A total of six students were nominated for these prizes this year. The research conducted by the students was very diverse: from fundamental physics research to designing new diagnostic methods to help improve quality and workflows in hospitals. Last month the nominees were given the opportunity to present their graduation research in a short pitch. The audience, consisting of students, their family members and several lecturers, were then asked to vote on the winner.
The structure of pyramidal cells
Julia Meijer won the Bachelor’s Thesis Award from Medical Natural Sciences for her research entitled “Morphological analysis of layer 5 and 6 pyramidal cells in the human neocortex”. She conducted research into the structure of pyramidal cells in layers 5 and 6 of the human neocortex – the outer layers of the brain – to gain more insight into human cell types. Meijer: “A lot is already known about this for mice, but this has not yet been mapped out for humans. Before you can truly understand how cells deviate in patients with brain diseases such as Alzheimer’s, it is first important to map the structure of healthy cells. Otherwise you cannot compare them and discover where things possibly go wrong.” The results are already being used in education to show what human pyramidal cells in the neocortex look like and what the importance is of mapping all human pyramidal cell types.

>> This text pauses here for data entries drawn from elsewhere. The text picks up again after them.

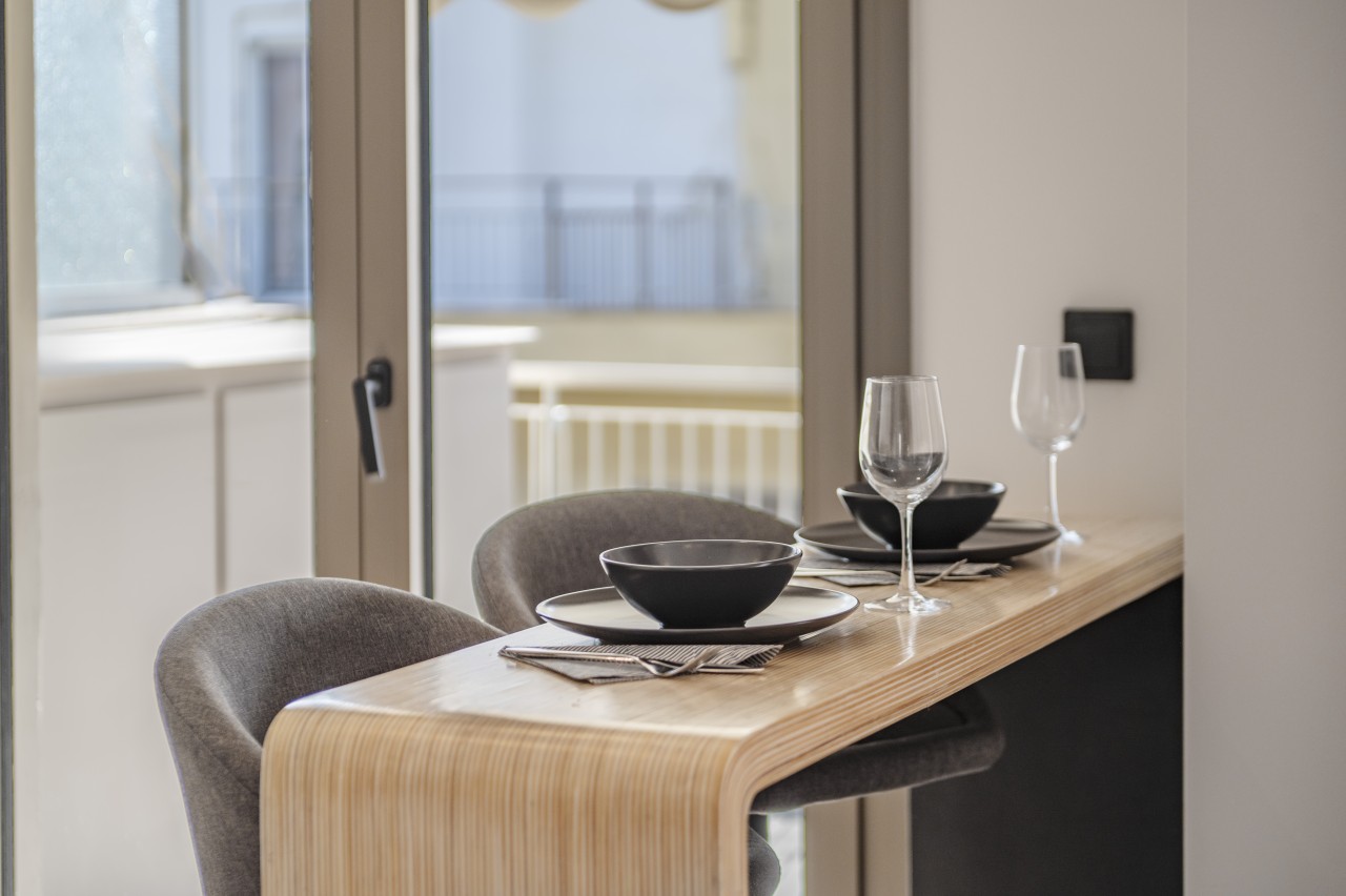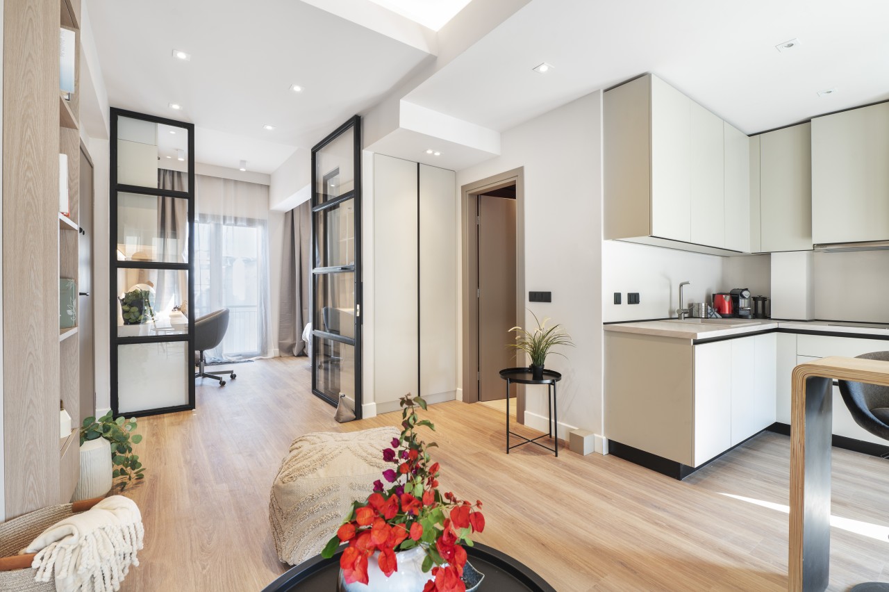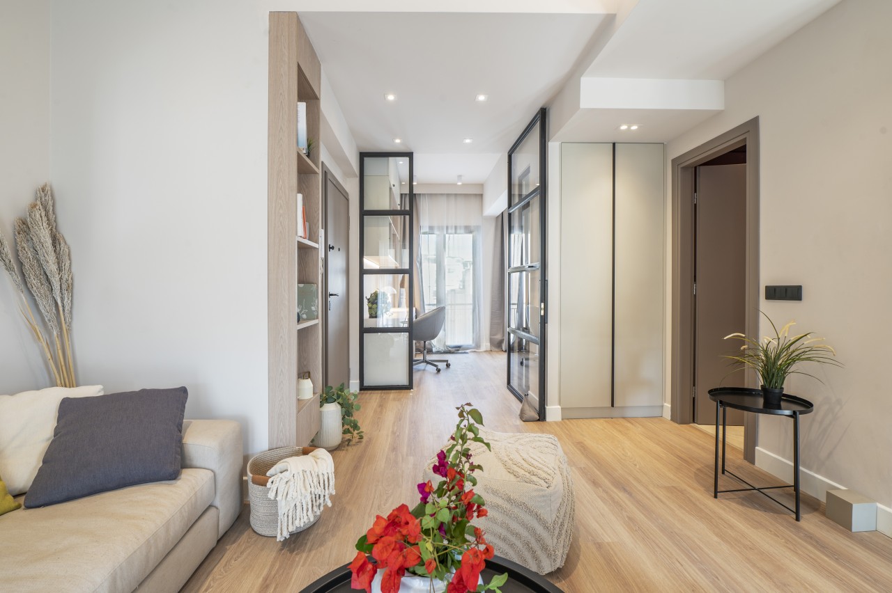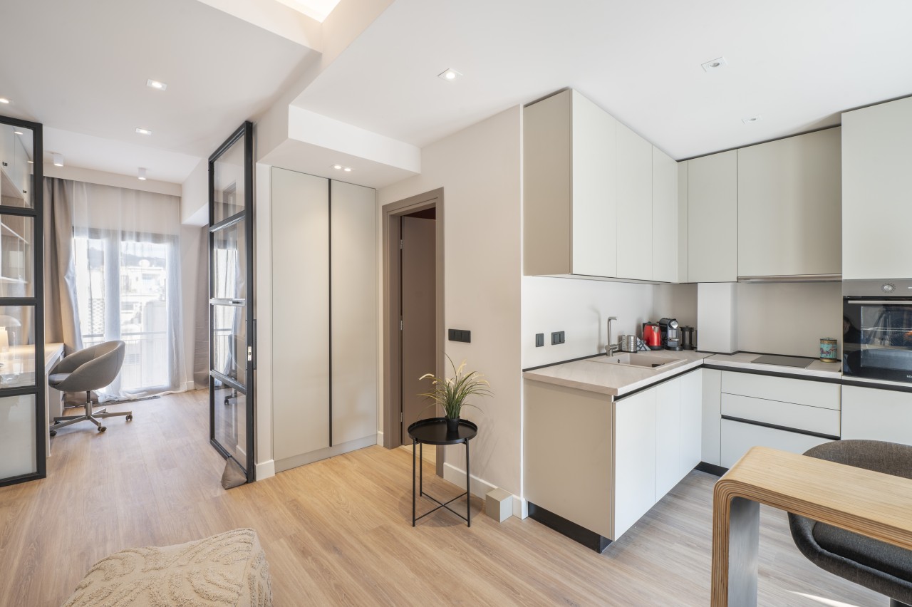 The main living area features a sleek, low-profile sofa in muted tones, a small dining space for 2 and an open plan kitchen.The kitchen is compact but fully equipped (dishwasher, stove, nespresso coffee machine) , featuring modern stainless steel appliances .The living area opens up into a spacious veranda overlooking Lykavitos hill
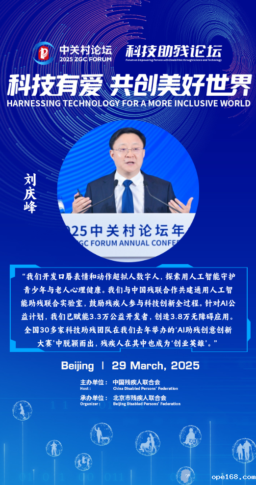 本次论坛是中关村论坛今年首设的残疾人领域平行论坛,主题为“科技有爱,共创美好世界”,来自产学研各界的中外科学家围绕人工智能、脑机接口、外骨骼机器人等前沿技术创新,共同探讨通过助残科技创新与产业发展,助力残疾人享有更加幸福美好的生活。一起来听大咖怎么说↓↓↓
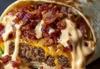 Bacon Cheeseburger Burrito with a Pile of Bacon and...
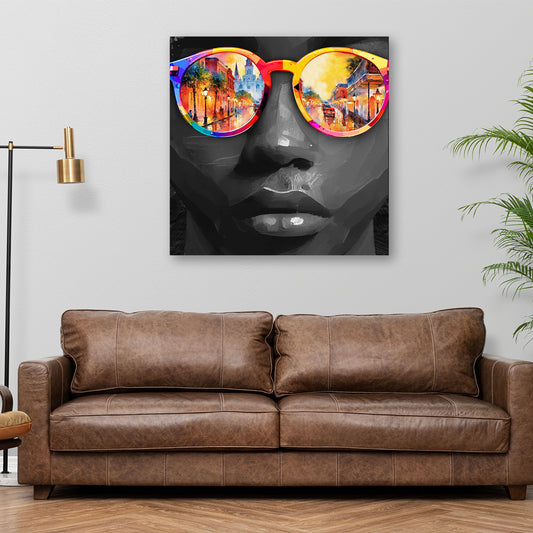 Gesicht Schwarz weiß mit farbiger Sonnenbrille Wandbild Kunstwerk
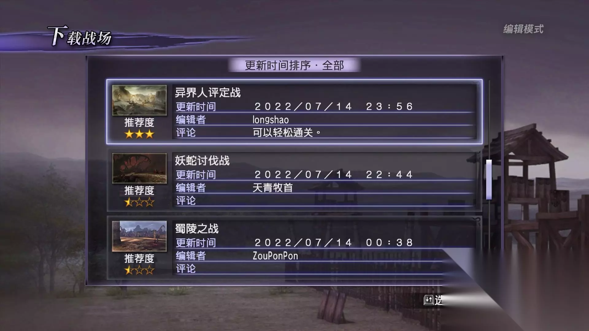 除此之外,真·无双模式也是让《无双大蛇2 终极版》的可玩性大大提高的一个玩法。这个玩法其实有点类似于游戏内置了一个创意工坊,玩家可以在这个模式里对已经通关的故事关卡地图进行编辑,打造出自己想要的战场,出场的杂兵种类、武将的台词和战斗姿态等要素都可以在这里进行自定义,而且编辑完成后的关卡地图还可上传至服务器,与全球玩家分享,当然你也能下载其他玩家上传的关卡地图。这个可以让玩家打造UGC内容的玩法让《无双大蛇2 终极版》的游戏可玩性不再局限于游戏本身,也让游戏的寿命大为延长。

Generating a chemical profile at crime scenes
Pauline van de Drift received the Master’s Thesis Award from Biomedical Technology and Physics for her study entitled “Functionalization Methods and Optimization of Biosensing with Silicon Microring Resonators.” The identification of victims, perpetrators and persons involved at crime scenes is typically done by matching the characteristic patterns of fingerprints to fingerprints in a database. When fingerprints at the scene are poor quality, matching is not always possible. In her thesis, Van de Drift researched a better way of locating biomarkers in fingerprints using microring resonators, a type of imaging technique. The findings of this study contribute to the development of a new type of sensor that can generate a chemical profile based on finger prints at crime scenes. Van de Drift: “This will allow professionals to find out the blood type and the gender of the persons involved in a shorter period of time. Identification will be faster and the information can be used as evidence in forensic investigations.”
The topics studied by the other nominees were also very diverse. One student conducted fundamental physics research into gaining knowledge of sub-diffuse light scattering, to be used in the development of better sensors for diagnosing patients in the future. Another student researched whether MRI images could be used to find out faster if the condition of patients suffering from Fabry disease is worsening.
During the award ceremony, prizes were also awarded to lecturers of the two degree programmes. Students were able to vote on this in advance. Stan Heukelom (department of Radiotherapy, Amsterdam UMC) and Theo Faes (department of Radiology and Nuclear Medicine, Amsterdam UMC) were voted lecturers of the year for the Bachelor’s in Medical Natural Sciences and the Master’s in Biomedical Technology and Physics.